When Charlotte meets someone new, they see her sitting in her stroller and ask "Can she walk?" No.
"Does she crawl?"
Sometimes they talk to her, and wait a moment, awkwardly wondering if she will talk back. She usually smiles and shakes her head. I shake mine too.
She doesn't talk yet. Maybe someday.
Sometimes I get anxious and I so desperately want them to understand how wonderful she is, how much she can do, how much she understands. I show them how she can sit on her own and I hand her things to play with. I try and get her to laugh. I ruffle her thick hair and kiss her forehead. She is wonderful. Wonderful. Please see it!

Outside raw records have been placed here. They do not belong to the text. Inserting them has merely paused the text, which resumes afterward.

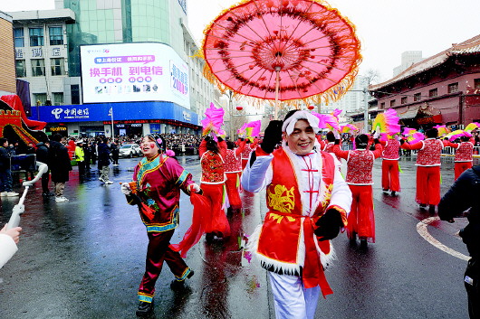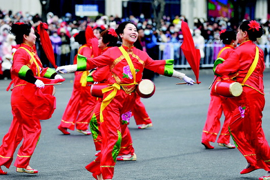 喧天的锣鼓打起来,欢快的秧歌扭起来,彩龙金狮舞出喜庆欢闹。农历正月十二、十三上午,秦州、麦积两区的社火汇演相继登场,来自各乡镇、街道办事处和企业以及民间的社火队热热闹闹走上街头,开展行进式表演和集中表演。震天的锣鼓、腾飞的巨龙、威武的雄狮、喜庆的高抬……参演人员个个精神抖擞、神采飞扬。舞龙队的“长龙”时而腾空跃起,时而蜿蜒低潜,时而翻滚盘旋;舞狮队的狮子或威猛雄壮、或憨态可掬,动作矫健、姿态百变;身着艳丽秧歌服的表演队员,尽情地挥舞着手中的彩带,踩着鼓点变换舞姿,把秧歌的热烈和欢腾展现得淋漓尽致。一时间,锣鼓声、掌声、喝彩声、欢笑声汇成一片。
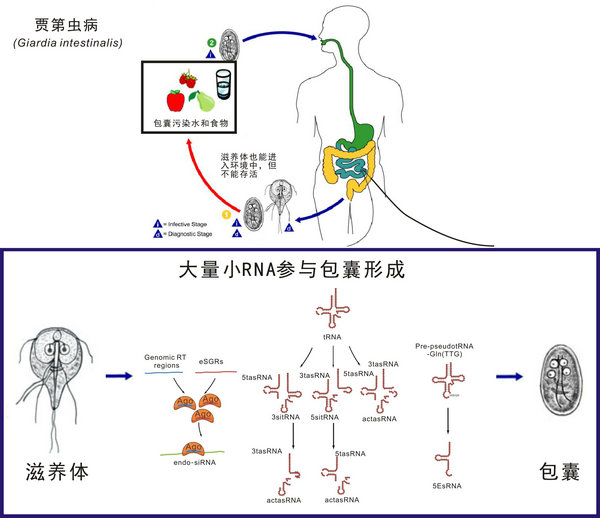 研究發現,來自四個不同分化時期的賈第蟲小RNA主要由內源siRNA和tRNA衍生的小RNA組成。內源性siRNA幾乎全部來自賈第蟲基因組中有轉座活性的端粒轉座子和三個新定義的內源性siRNA 產生區,這些siRNA可以反式作用方式抑制賈第蟲表面抗原等基因的表達,并參與了該鞭毛蟲從滋養體向孢囊分化的調控過程。內源性小干擾RNA并不是唯一能調控賈第蟲分化的小RNA,因為大量tRNA來源的小RNA在賈第蟲分化過程中的表達變化比內源性小干擾RNA還明顯。經過深入的比較分析,該研究在賈第蟲中鑒定出五種新的tRNA來源的小RNA,其中四種的產生可能跟他們之前報道的sitRNA有密切關系。雖然賈第蟲是最簡單原始的真核生物,但它卻擁有復雜的小RNA調控系統。令人驚奇的是,在賈第蟲中并沒有發現典型的microRNA,而許多過去報道的賈第蟲microRNA被鑒定為內源siRNA的一部分。
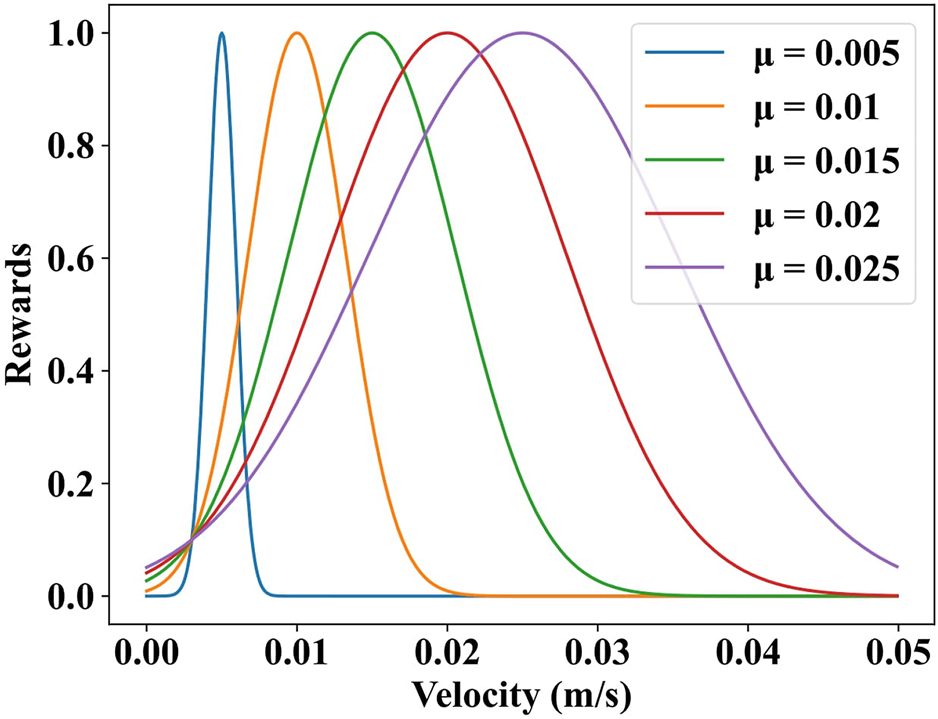 In thewe set the target velocity of the snake robots using a Gaussian distribution f (Velx; μ, σ), where Velx denotes the current velocity of the robot. μ denotes the target velocity of the robot, as shown in Figure 3. The other terms are the same as those in .
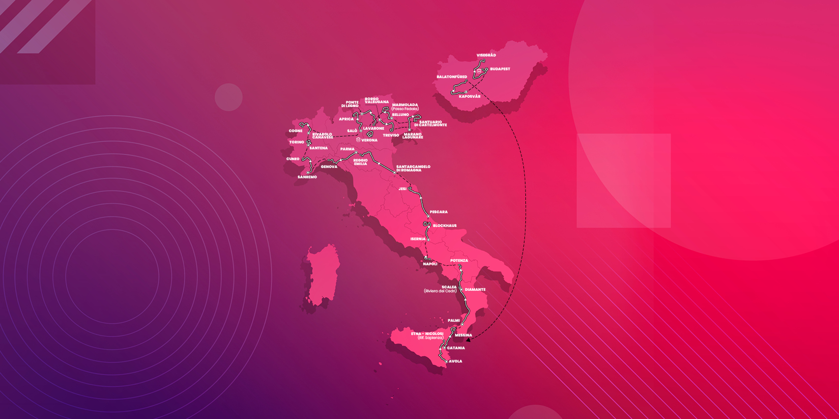 Prvý tohtoročný Grand Tour štartuje 6. 5. 2022 trochu netradične v Budapešti. Grande Partenza mala v Maďarsku prebehnúť už pred dvoma rokmi. Kvôli čovidu si ale maďarskí fanúšikovia museli počkať. Po troch etapách sa jazdci presunú už späť na talianske územie a zo Sicílie si to namieria na sever do talianskych Álp.
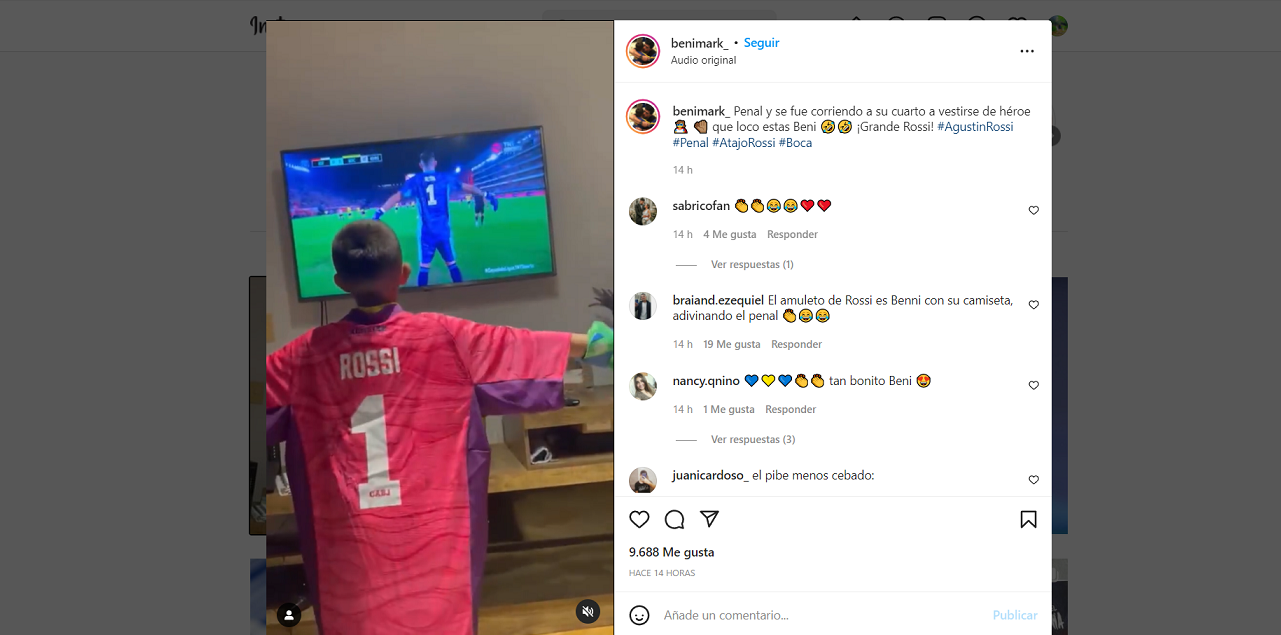 Un rato después, se hizo viral un video de un niño que “atajó” el disparo junto a su ídolo. “Penal en contra y salió corriendo para su cuarto a vestirse de héroe”, escribió su padre.

Some people look away when they see us. They may smile at Ella in her car seat, smile at her hair and her big toothless baby grin. Then they look at Charlotte, and look away.
They see a child with funny features and oxygen and hearing aides. They see a child who won't do much, won't be much. Probably won't be here long. They feel sorry for me and look away.
But some don't look away.
Some see big beautiful eyes and and unique feminine features--tiny nose, pink lips, porcelain skin. Some see a child with potential who needs help unlocking it, hearing aides, special school... who needs oxygen tubing to keep her tethered to earth. They see purpose, a child of God.
I am so grateful for these people.
No matter what they see, I hope they all realize that they are seeing a child who is loved.
Charlotte is so, so loved. Whether or not they ever know how special she is, how unique and amazing, they should know first that she is loved.